I'm in teaching mode, kernel densities.

{History: density() was newly introduced in version 0.15, 19 Dec 1996;
most probably by Ross or Robert
}

When I was telling the students about different kernels (and why their
choice is not so important, and "equivalent bandwidths" etc,etc)
I wondered about the "Cosine" in my teaching notes which
is defined there as

k(x) = pi/4 * cos(pi/2 * x) * I{ |x| <= 1 }
i.e. in R
Kcos <- function(x) ifelse(abs(x) <= 1, pi/4 * cos(pi/2 * x), 0)

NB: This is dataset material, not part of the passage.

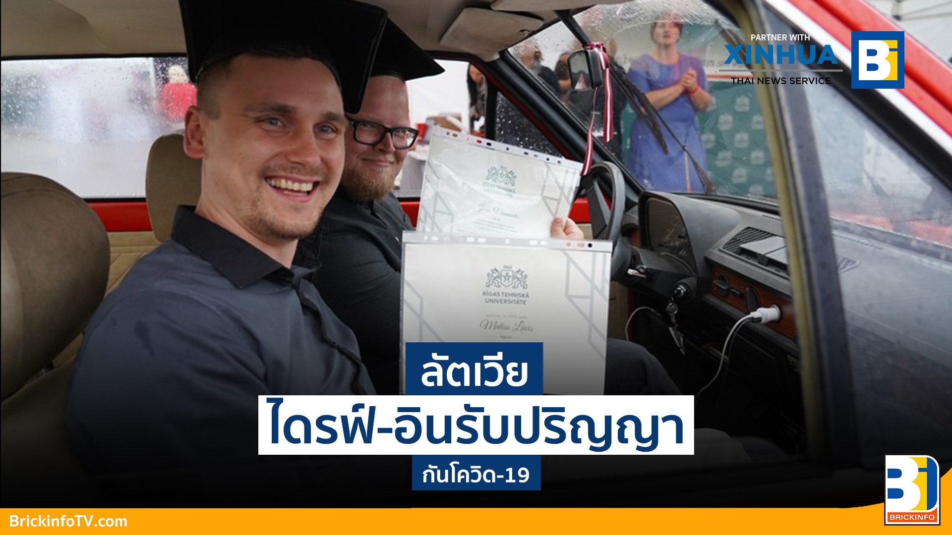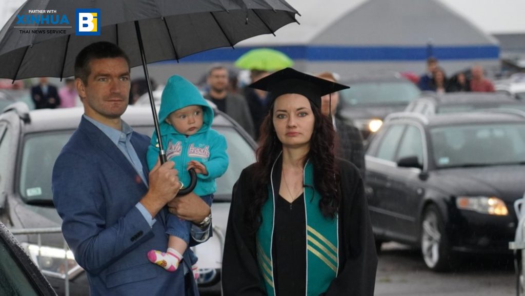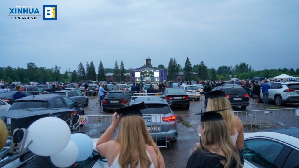 สำนักข่าวซินหัว เผยแพร่ภาพ มหาวิทยาลัยเทคนิคริกา (Riga Technical University) จัดพิธีรับปริญญาบัตรแบบไดรฟ์-อิน หรือขับรถยนต์เข้ามาร่วมพิธีการ ณ ท่าอากาศยานสไปร์ฟ กรุงริกา เมืองหลวงของลัตเวีย ซึ่งปรับเปลี่ยนตามสถานการณ์การแพร่ระบาดของโรคติดเชื้อไวรัสโคโรนาสายพันธุ์ใหม่ (โควิด-19) โดยเหล่าบัณฑิตใหม่ยังได้เพลิดเพลินกับคอนเสิร์ตกลางแจ้งหลังเสร็จสิ้นพิธีอีกด้วย

Now, R has instead (for bandwidth h <- bw/1.135724 which makes the bandwidth
Gaussian equivalent;
here just h == 1/pi to be similar to above)

Kcosine <- function(x) ifelse(abs(x) < 1, (1+cos(x*pi))/2 , 0)

I've looked in Dave Scott's (and Haerdle's "Smoothing... in S") book,
(Silverman doesn't mention any cosine kernel)
and both define the cosine kernel as I have it in my notes.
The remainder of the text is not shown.